The ARVNs set up a perimeter, and we were told that we could rest. Gearhart said that Sergeant Don-gan had been hit. Me and Peewee went over to the medical tent. We found Dongan. They had laid his leg next to him. The other leg was barely attached. But it didn’t matter now. His mouth was slightly open and the lower jaw twisted.
“One of you guys got a poncho?” A black spec five asked.
I looked to see if I still had my poncho. I did and gave it to the spec five. He picked up the leg and put it on Sergeant Dongan’s chest, then wrapped him in the poncho.

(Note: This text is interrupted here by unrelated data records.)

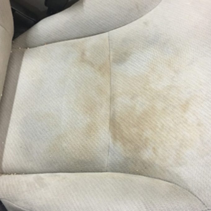 Many of us say that we aren’t going to allow eating or drinking in our car when we first get it. But, who are we kidding? That never happens, so spills and seat messes are inevitable. Car detailing before and after photos often show how seats can be cleaned to look as if they were never dirty in the first place. This seat mess looks like it could be a spilled cup of coffee or cola.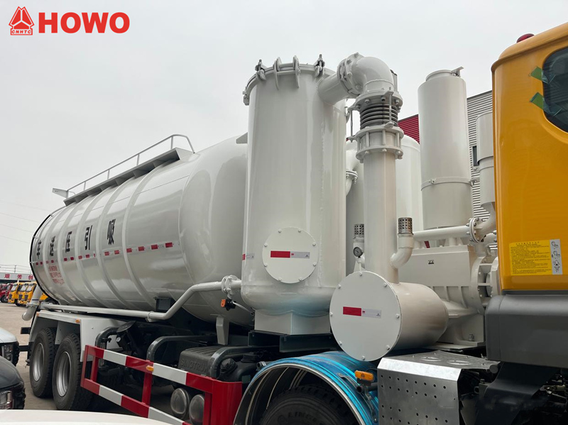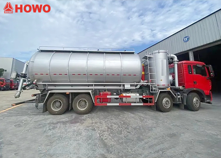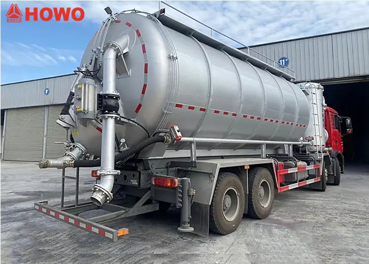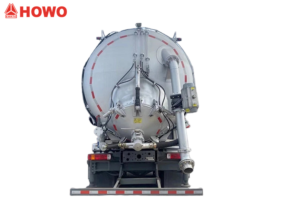 Gari la kufyonza na kusafirisha shinikizo la HOWO 8x4 25 cbm, lililorekebishwa kwenye chasisi ya HOWO TX350 8x4, lenye msingi mkubwa wa gurudumu la 1800+4600+1350mm, lenye injini ya Sinotruk MC07H.35-60 na sanduku la gia la HW15710L. Sehemu ya juu ya mwili ina vichujio vya mifuko, na sehemu ya nyuma ina tanki la kuhifadhia. Lina vifaa vya kutolea nje vya majimaji, feni, mabomba ya kuingiza hewa kutoka nje, pampu za utupu, vigandamiza hewa, mitungi ya kuinua, mifumo ya kuchuja, mifumo ya mabomba ya kufyonza na kutoa, masanduku ya kudhibiti kielektroniki, n.k. Pampu ya utupu ina uvutaji hasi wa shinikizo na kigandamiza hewa kina utokaji chanya wa shinikizo.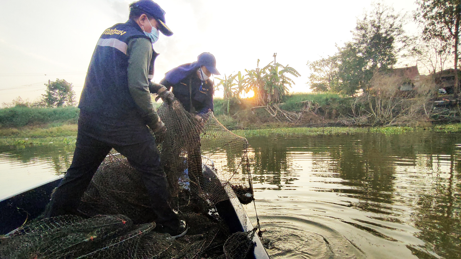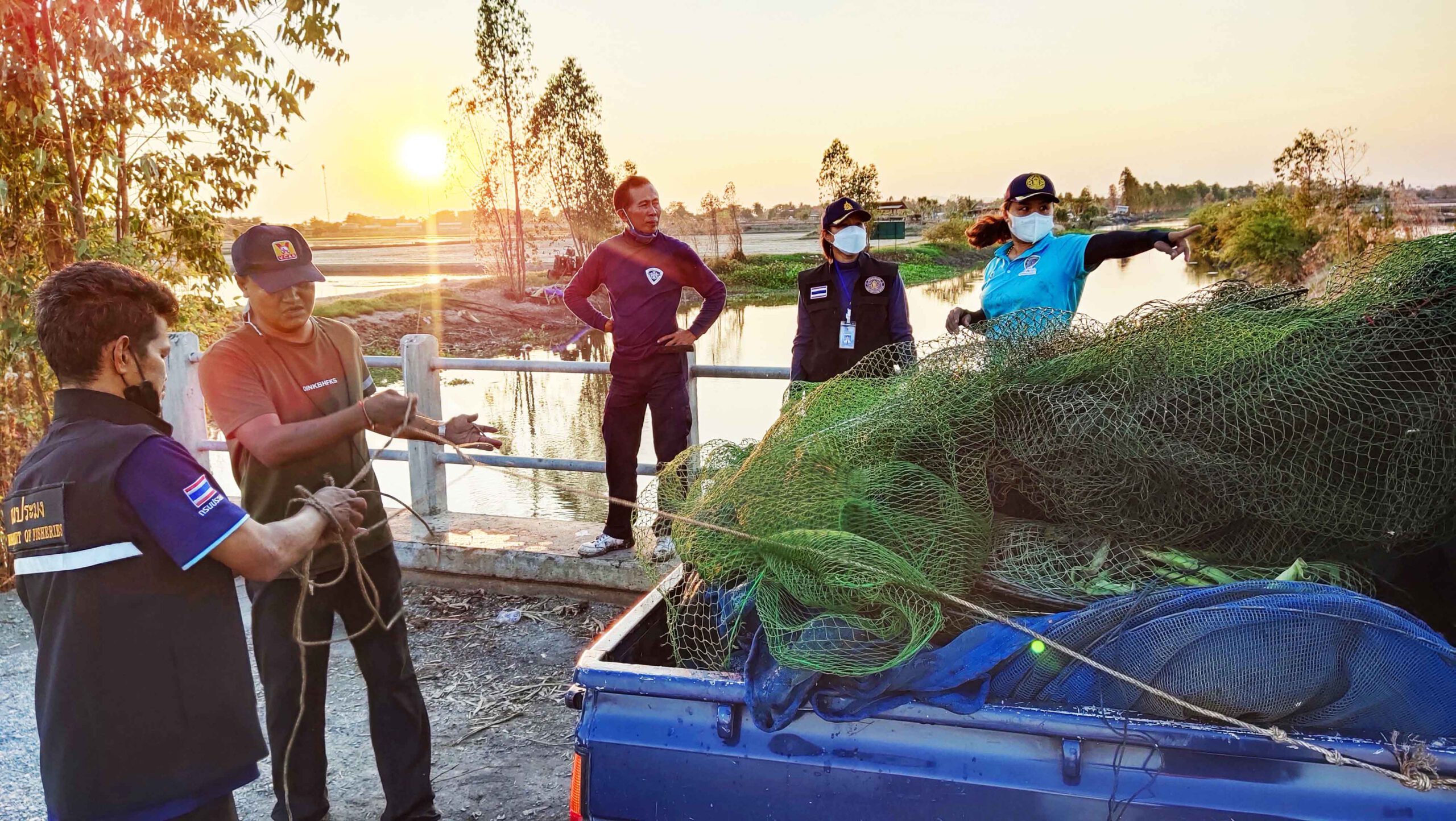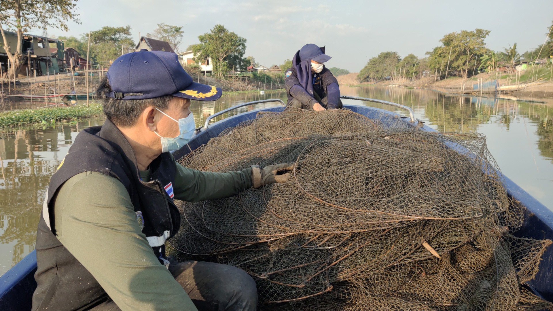 สุพรรณบุรี ประมงสุพรรณลุยยึดลอบพับได้เครื่องมือปลาภัยร้ายของสัตว์น้ำ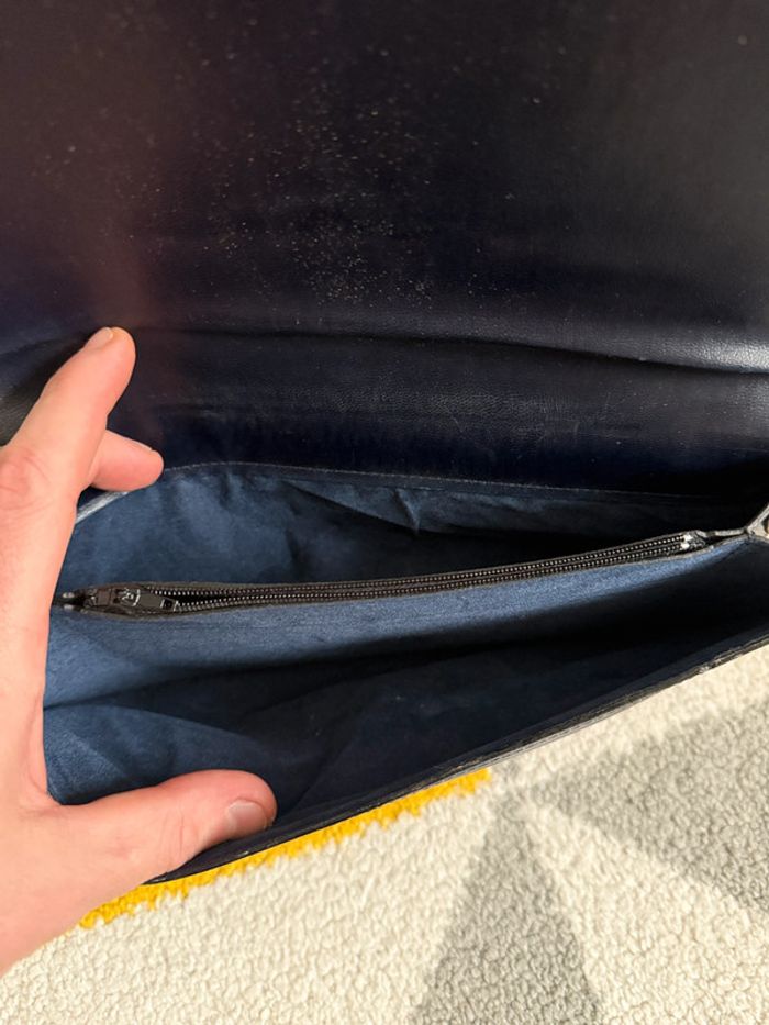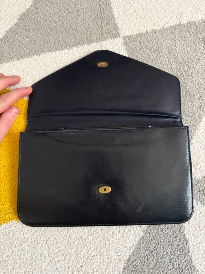Pochette en cuir vintage Taille : Largeur : 26,5 cm - Hauteur : 15,5 cm Couleur : Bleu marine Matières : Cuir État : Bon état (quelques traces d'usures, voir photos) 💫Me contacter par message pour créer un lot : 💸 -10% dès deux articles achetés! 💸 #Sac #sacàmain #sacfemme #bag #bandouliere #pochette #vintage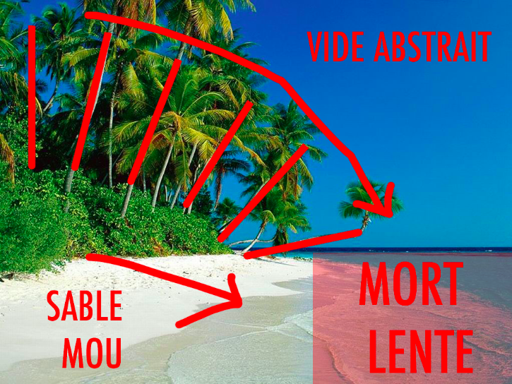 Le sable clair, choisi pour son aspect livide et nuageux ressemble à un lit dans lequel le dormeur pourra se glisser suavement, la mer devenant soudain une couverture. En somme, le rêve moderne est une plage-dortoir, vide d’être humain, symbole codé de la mort lente. Une plage concentrationnaire. Oui, le Tryangle l’affirme : la plage, c’est la mort. En voici, décrypté l’insoupçonnable géométrie du déclin :
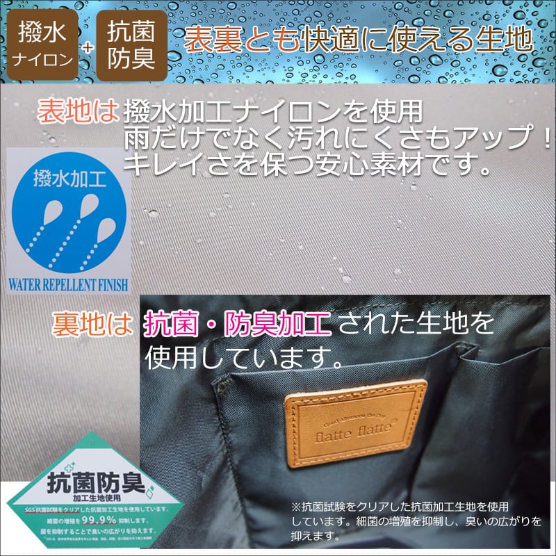裏地には抗菌・防臭素材を使用してあり清潔に使えます。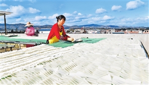 春节将至,在玉溪市江川区九溪镇鸡窝村委会,九溪姊妹糍粑厂的史自芬姐妹俩正忙着晾晒刚制作好的糍粑,她们制作的糍粑年销量达20多吨。糍粑是九溪镇的传统特色美食,春节期间特别受欢迎。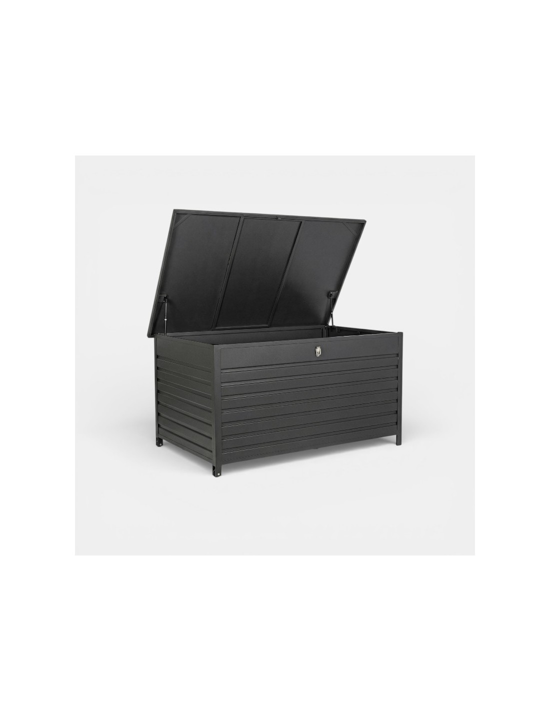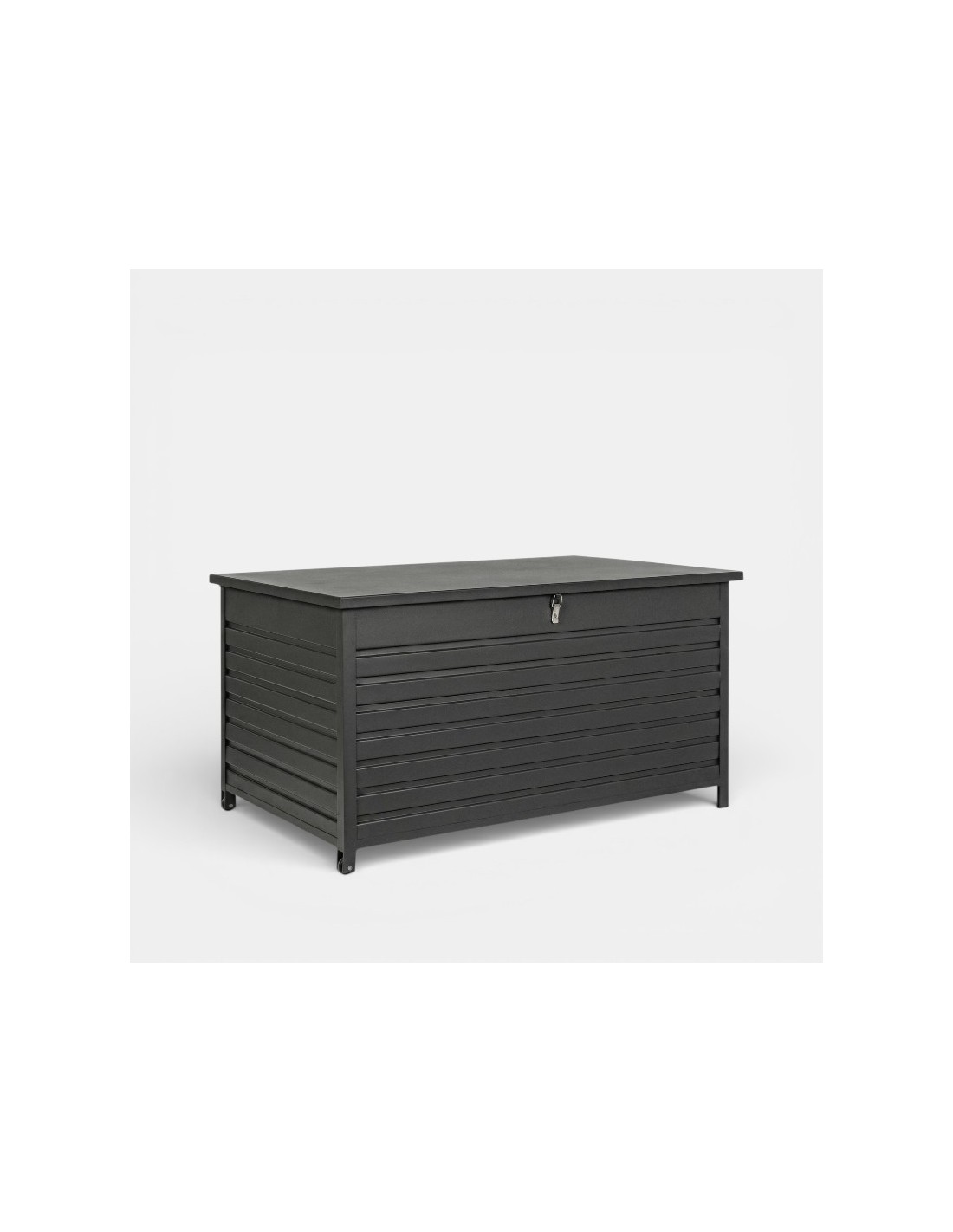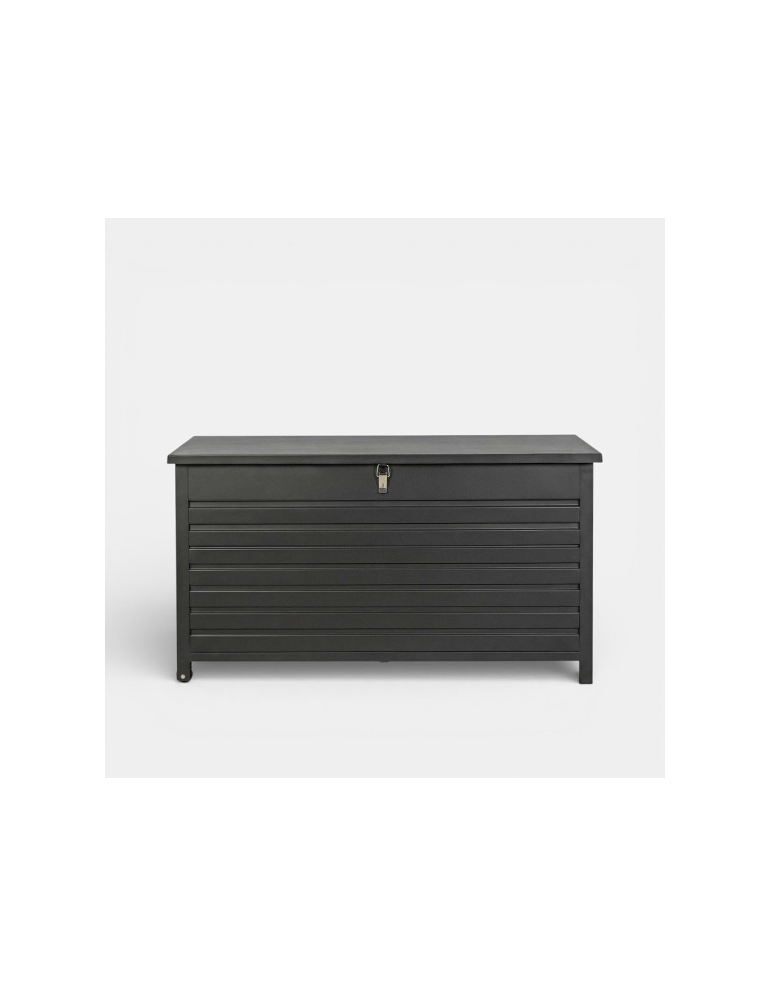 El baúl para exterior ATLAS combina funcionalidad y estética contemporánea gracias a su diseño de lamas horizontales y acabado en color antracita.

Ten minutes later two gunships came in and cleared everything from around the village. Above them I could see the stack of medevac choppers.
It was 1400 hours.
Chapter 19
The ARVNs were the first to start to move out. Word had come that a second North Vietnamese battalion was moving toward the area. We had to get out and get out quickly. We made as many litters as we could to carry out the wounded. The question came up as to what to do with the dead.
Somebody said we should bury them.
“They’ll just dig them up,” Gearhart said. “We got to strip them and bum them.”
Hell. Bodies still warm, limbs that fell as the bodies were moved. Some guys couldn’t do it. Some of us had to. We began stripping the Americans. We took their tags, their gear, and took them to a hut. How many were there? There were too many. Everybody took care of their own. We got Dongan and put him in the hut. Some of the bodies were wrapped in ponchos, some weren’t.
Guys from Charlie Company saw what we were doing and they got their people in. It was better than having the Congs get them, maybe mutilating the bodies.